> **Exercise description**
Only one stretch of the material below is wanted: everything from the line containing "TANDEM from CrossRoadsBrands" down to the line containing "(Pastel frito com", both ends included. Repeat it exactly and skip the pictures.

> **Data provided**
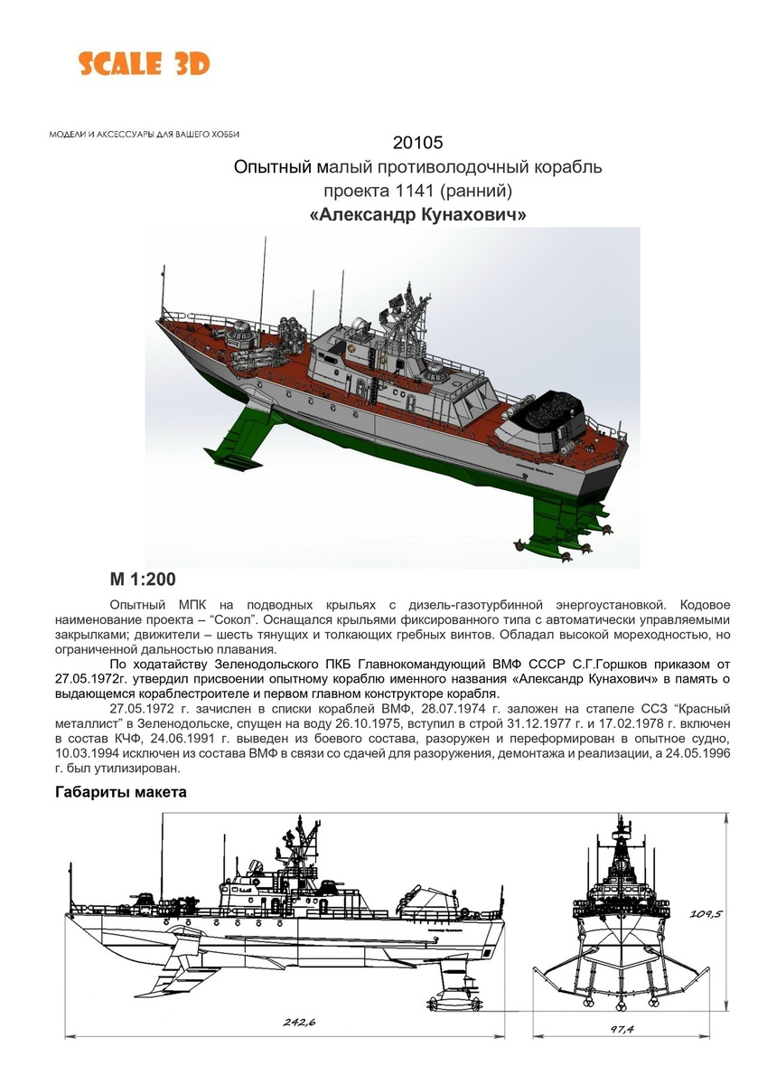 Новосибирская Scale_3D показала сборочную инструкцию своей выпускаемой на 3D-принтере модели МПК проекта 1141 шифр "Сокол" "Александр Кунахович" в масштабе 1/200.
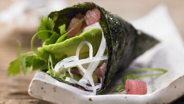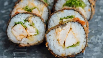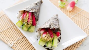 - No te olvides de la esterilla de bambú envuelta en papel film para enrollarlo, aunque solo se necesita en algunos tipos de sushi como el maki -que es el clásico rollito con el alga por fuera-; el uramaki -el alga queda en el interior, como en algunos California rolls; el futomaki -rollos más gorditos con varios ingredientes dentro- y el hosomaki -rollitos delgados con un solo ingrediente en el centro-.
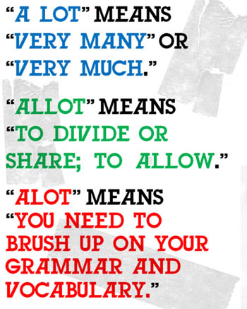 Reference: Oxford Dictionaries (Alot, Allot and A Lot), Dictionary.com, Grammar Monster Image Courtesy: tumblr.com, writingexplained.org
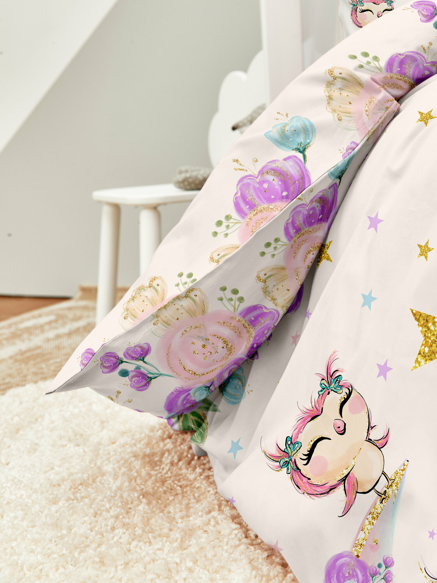 Детское постельное белье 1,5 спальное поплин "Juno" (70х70) рис. 16738-1/16739-1 Sweet unicorn , Единороги
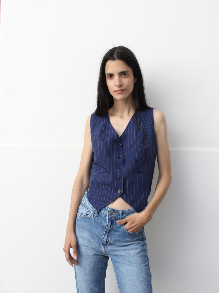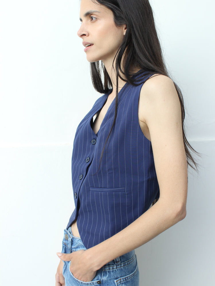 Chaleco sastrero clásico rayado con bolsillo ojal y espalda más corta
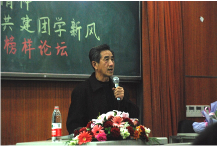 当被问及作为一个老党员,对在座的团学青年干部有什么期望和建议时,叶老先生再次强调了他的做人准则:低调做人,高调做事。同时,叶老先生向在座同学介绍了他最崇敬的三个人:把一切献给党”的吴运铎, “小车不倒只管推”以响应党号召的焦裕禄,清白本分、艰苦朴素的杨善洲。叶老先生告诉大家,共产党人的本分就是听党的话,跟着党走,我们应该抱定一份信仰,为社会为党尽上自己的一份责任。
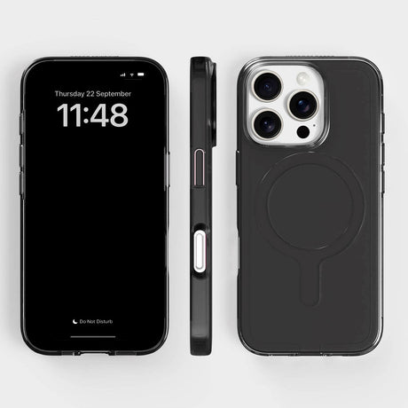 iPhone 16 Pro Hybrid Plastic Case - MagSafe Compatible - Transparent / Dark Grey
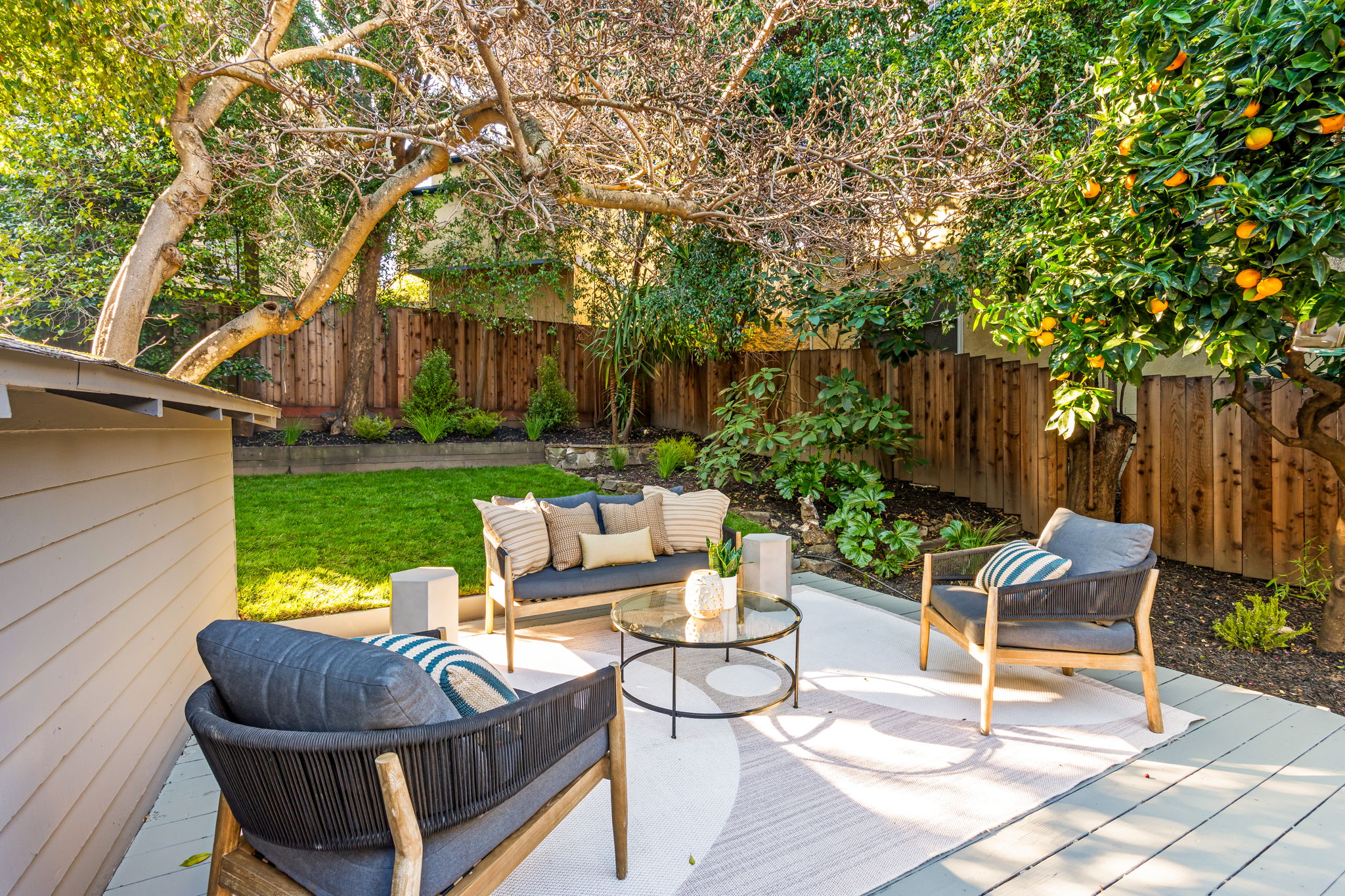 โ Fenced level yard with raised beds, lawn & garden zones
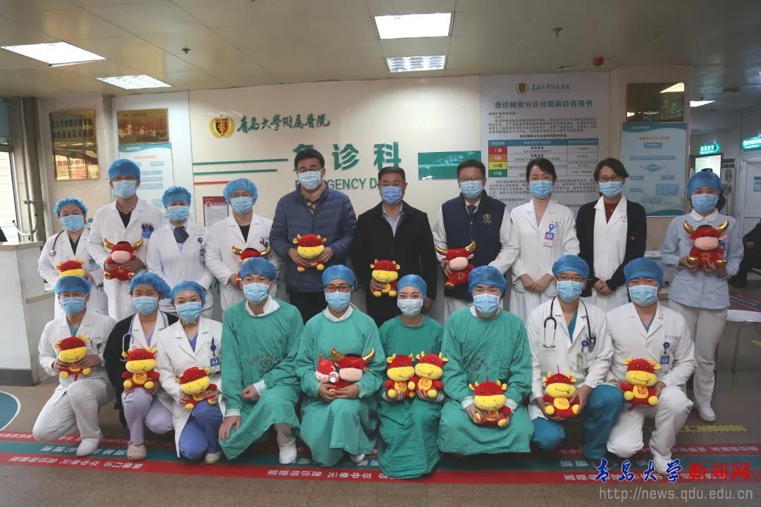 下午,夏东伟校长在金年金字招牌诚信至上附属医院党委书记王新生、院长董蒨陪同下,先后来到青大附院市南院区急诊科、发热门诊、小儿外科、呼吸与危重症医学科、产科、重症医学科、胸外科、肝胆胰外科、胃肠外科、急诊外科、心血管外科、手术室看望慰问了除夕仍坚守在医疗一线的医护人员,夏东伟向医护人员致谢,感谢他们舍小家顾大家,不辞辛苦,恪尽职守、无私奉献。夏东伟向医护人员送上欢乐吉祥的牛年纪念玩偶并叮嘱大家保重身体,注意休息。
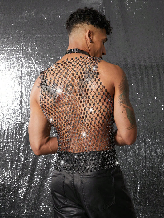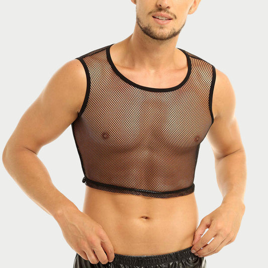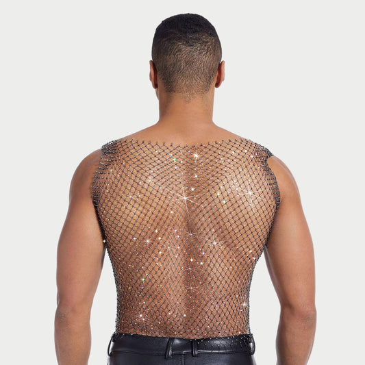 Mirror Sequin Cropped Rhinestone Mesh Top
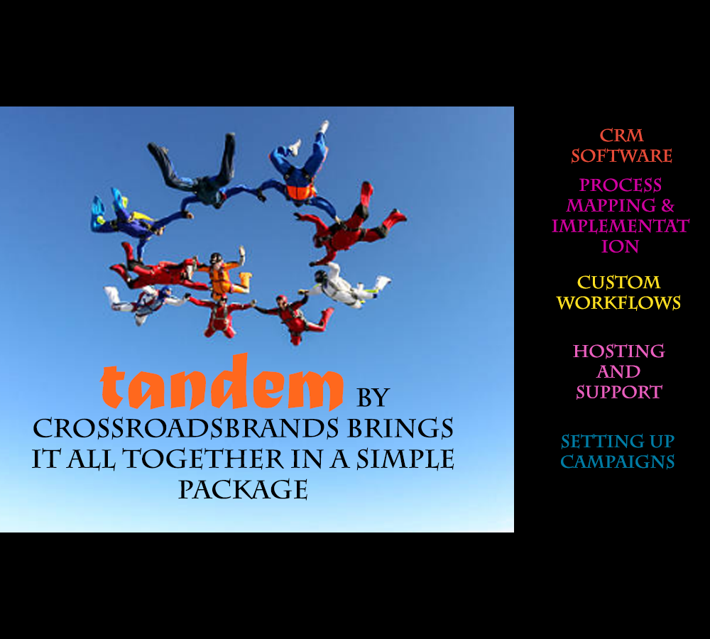 TANDEM from CrossRoadsBrands offers small and mid size businesses to take control of their Customer 360 degree insight. Account, Contact, Leads, Opportunities, Campaigns, Invoicing, Loyalty programs and much more. We can develop custom extensions to make it just one solution for a multi channel customer interaction. This coupled with Digital Marketing services makes it aend to end unique value proposition
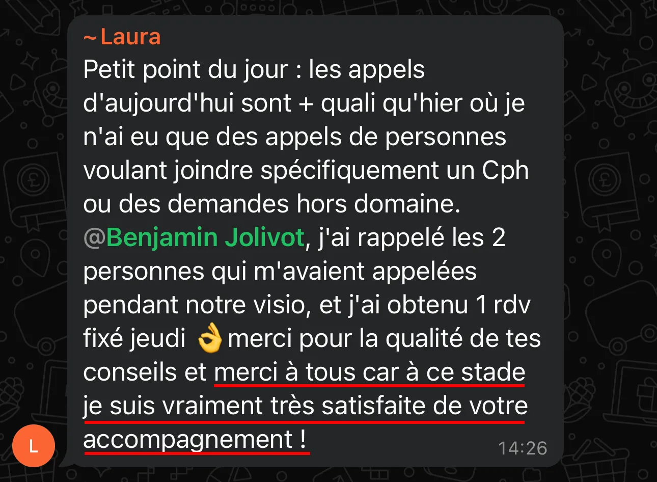 Laura : Plusieurs appels qualifiés chaque jours.
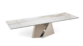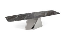 Naos Design A. Casati Dimensions : l 180/.../300 x h 75 x p 100/110 cm Table de repas extensible avec plateau et allonges en verre. base et rails en métal laque’. équipée d’un mécanisme breveté très simple d’utilisation qui permet aux allonges de se déployer et de prolonger la surface de 80 cm. disponible aussi avec plateaux en céramique.
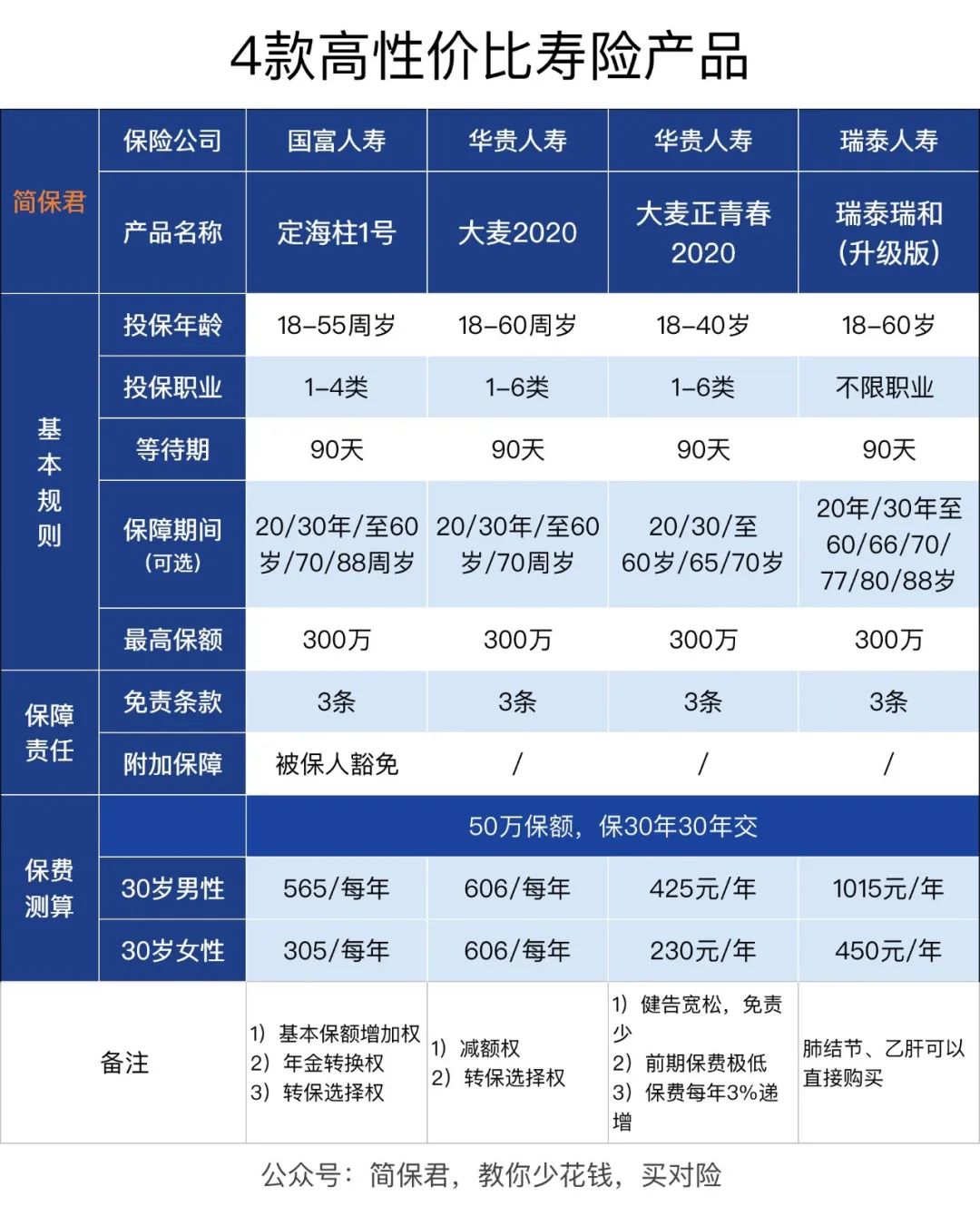 有了基本的配置思路,咱们再来看看我精心挑选的,目前市面上4款高性价比寿险产品。这些产品无一例外都是消费型,也就是说,只保障一定期限内的身故责任,到期之后保障结束,也不返还保费。具体的原因其实刚才已经说了,寿险保障最大的意义,是帮助我们保障特定阶段的风险。消费型的寿险,可以让我们用最便宜的价格,买到最大的额度的保障。我做了一张对比表,你可以很清楚的看到这4款产品的特点和保费高低。优势:价格特别便宜,可申请转换年金/加保/附加被保险人豁免如果身体情况非常好,那么这款产品无疑是非常好的选择,保费非常便宜,相比同类产品便宜15-20%左右,且可选豁免和增额/年金转换权。优势:投保职业广泛,健康告知宽松,可减保/转换终身寿/定寿这是费率仅次于「定海柱1号」的一款产品,同时投保条件更宽松,承保职业也更宽泛,在不限制已有寿险保额的情况下,线上免体检额最高可投300万,还有减保、转换定寿/终身寿的权益,适合追求高保额、加保的不同人群。这是一款保费按照每年3%的费率逐年递增的寿险,在同样的保障情况下,前期的保费非常便宜,投保的前期十几年都是低于同类产品的,所以很适合目前预算有限或者追求前期保障杠杆高的人群。优势:投保条件最宽松,对于常见的健康异常,如结节、乙肝都可以直接投保且女性投保这款产品费率较优,如果身体存在这些异常,那么这款产品是不错的选择。如果看了分析还是不会判断,别着急,往下看, 我列了4个问题,帮你找到最适合自己的。如果身体有些小毛病,或者职业风险较高,选择不会太多,先奔着「瑞和」、「大麦2020」和「大麦正青春2020」去吧。如果你身体健康,恭喜你,可以直接选择国富人寿「定海柱1号」。寿险产品保障责任相对简单,差异不大,产品的差别往往体现在产品的除外责任(免责)上。上次我们才讲过,对于被保险人而言,除外责任肯定越少越好。所以第二步,你需要掂量一下,自己对于除外责任多少的接受程度。这一点因人而异,有的人愿意多花点钱,少一些免责;有的人则对免责内容全盘接受,更愿意选择性价比。当然,我们选择的这4款产品,免责都只有3条,都是很好的。第十二条 责任免除
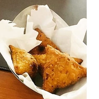 (Pastel frito com recheio de frango ) (Fried pastry with spiced chicken fillings)
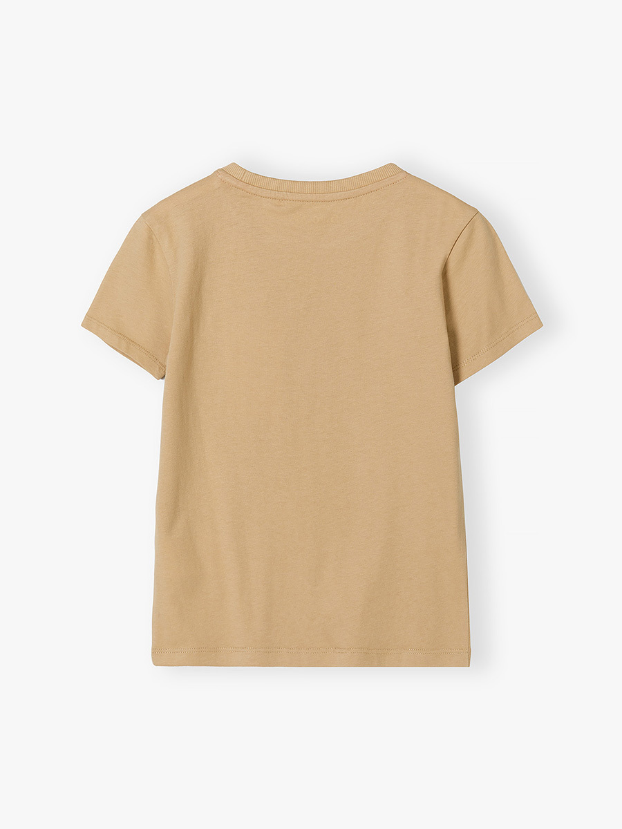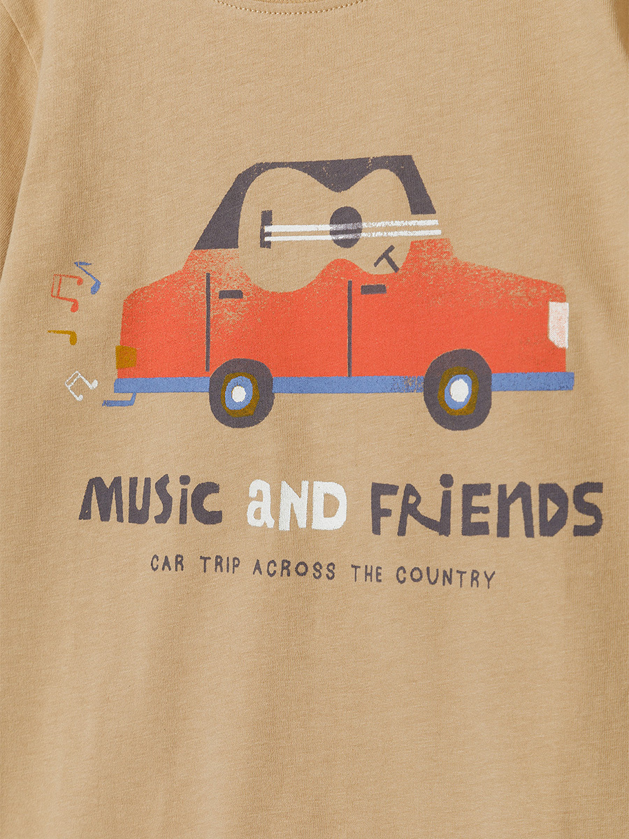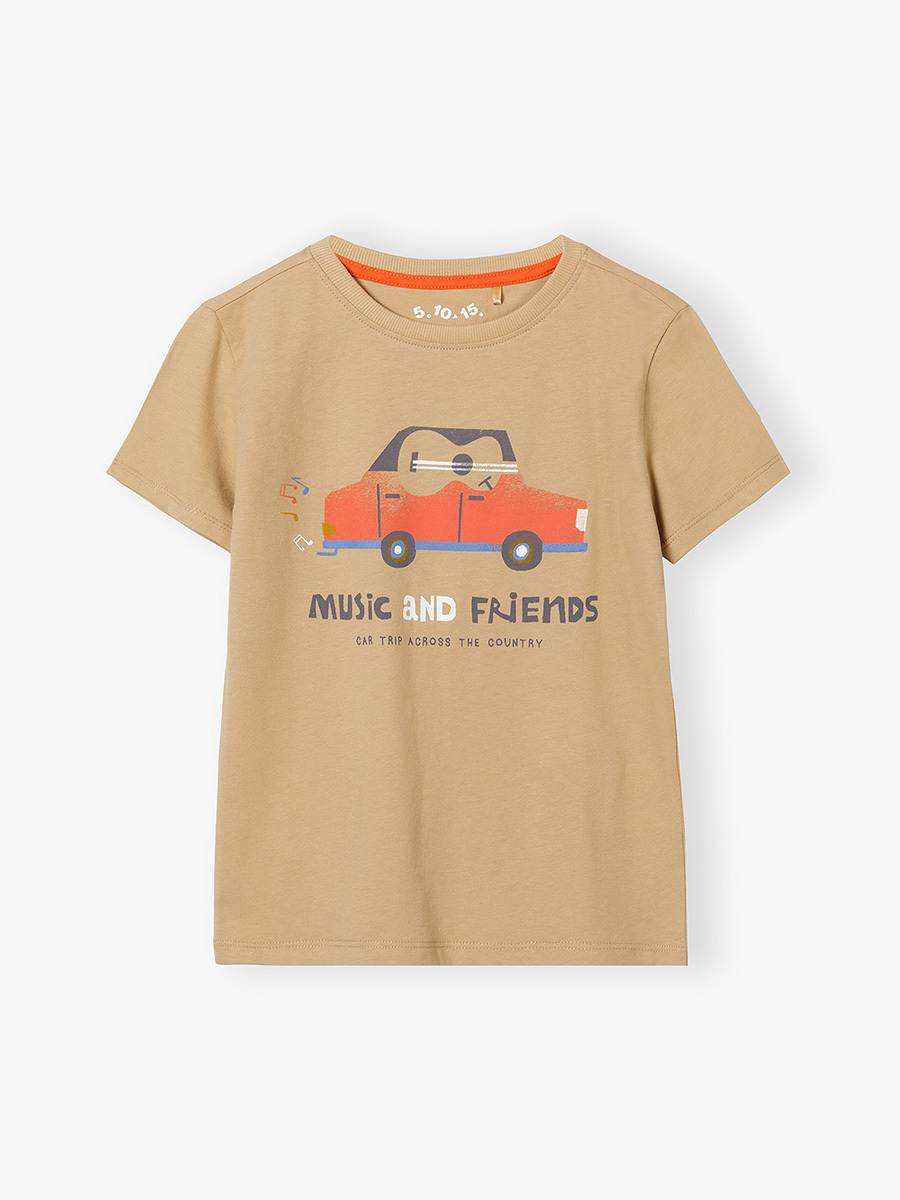 Бежевая футболка для мальчика выполнена из качественного хлопкового трикотажа. Имеет круглый вырез горловины, короткие рукава и украшена оригинальным принтом в виде машины. Благодаря качественному материалу и грамотному крою, изделие максимально комфортно для ребенка. Футболка отлично подойдет для летнего отдыха на свежем воздухе или в отпуске. Идеально подходит для любителей музыки. Надпись переводится, как «музыка и друзья, автомобильное путешествие по стране».

> **Exercise response**
 TANDEM from CrossRoadsBrands offers small and mid size businesses to take control of their Customer 360 degree insight. Account, Contact, Leads, Opportunities, Campaigns, Invoicing, Loyalty programs and much more. We can develop custom extensions to make it just one solution for a multi channel customer interaction. This coupled with Digital Marketing services makes it aend to end unique value proposition
 Laura : Plusieurs appels qualifiés chaque jours.
 Naos Design A. Casati Dimensions : l 180/.../300 x h 75 x p 100/110 cm Table de repas extensible avec plateau et allonges en verre. base et rails en métal laque’. équipée d’un mécanisme breveté très simple d’utilisation qui permet aux allonges de se déployer et de prolonger la surface de 80 cm. disponible aussi avec plateaux en céramique.
 有了基本的配置思路,咱们再来看看我精心挑选的,目前市面上4款高性价比寿险产品。这些产品无一例外都是消费型,也就是说,只保障一定期限内的身故责任,到期之后保障结束,也不返还保费。具体的原因其实刚才已经说了,寿险保障最大的意义,是帮助我们保障特定阶段的风险。消费型的寿险,可以让我们用最便宜的价格,买到最大的额度的保障。我做了一张对比表,你可以很清楚的看到这4款产品的特点和保费高低。优势:价格特别便宜,可申请转换年金/加保/附加被保险人豁免如果身体情况非常好,那么这款产品无疑是非常好的选择,保费非常便宜,相比同类产品便宜15-20%左右,且可选豁免和增额/年金转换权。优势:投保职业广泛,健康告知宽松,可减保/转换终身寿/定寿这是费率仅次于「定海柱1号」的一款产品,同时投保条件更宽松,承保职业也更宽泛,在不限制已有寿险保额的情况下,线上免体检额最高可投300万,还有减保、转换定寿/终身寿的权益,适合追求高保额、加保的不同人群。这是一款保费按照每年3%的费率逐年递增的寿险,在同样的保障情况下,前期的保费非常便宜,投保的前期十几年都是低于同类产品的,所以很适合目前预算有限或者追求前期保障杠杆高的人群。优势:投保条件最宽松,对于常见的健康异常,如结节、乙肝都可以直接投保且女性投保这款产品费率较优,如果身体存在这些异常,那么这款产品是不错的选择。如果看了分析还是不会判断,别着急,往下看, 我列了4个问题,帮你找到最适合自己的。如果身体有些小毛病,或者职业风险较高,选择不会太多,先奔着「瑞和」、「大麦2020」和「大麦正青春2020」去吧。如果你身体健康,恭喜你,可以直接选择国富人寿「定海柱1号」。寿险产品保障责任相对简单,差异不大,产品的差别往往体现在产品的除外责任(免责)上。上次我们才讲过,对于被保险人而言,除外责任肯定越少越好。所以第二步,你需要掂量一下,自己对于除外责任多少的接受程度。这一点因人而异,有的人愿意多花点钱,少一些免责;有的人则对免责内容全盘接受,更愿意选择性价比。当然,我们选择的这4款产品,免责都只有3条,都是很好的。第十二条 责任免除
 (Pastel frito com recheio de frango ) (Fried pastry with spiced chicken fillings)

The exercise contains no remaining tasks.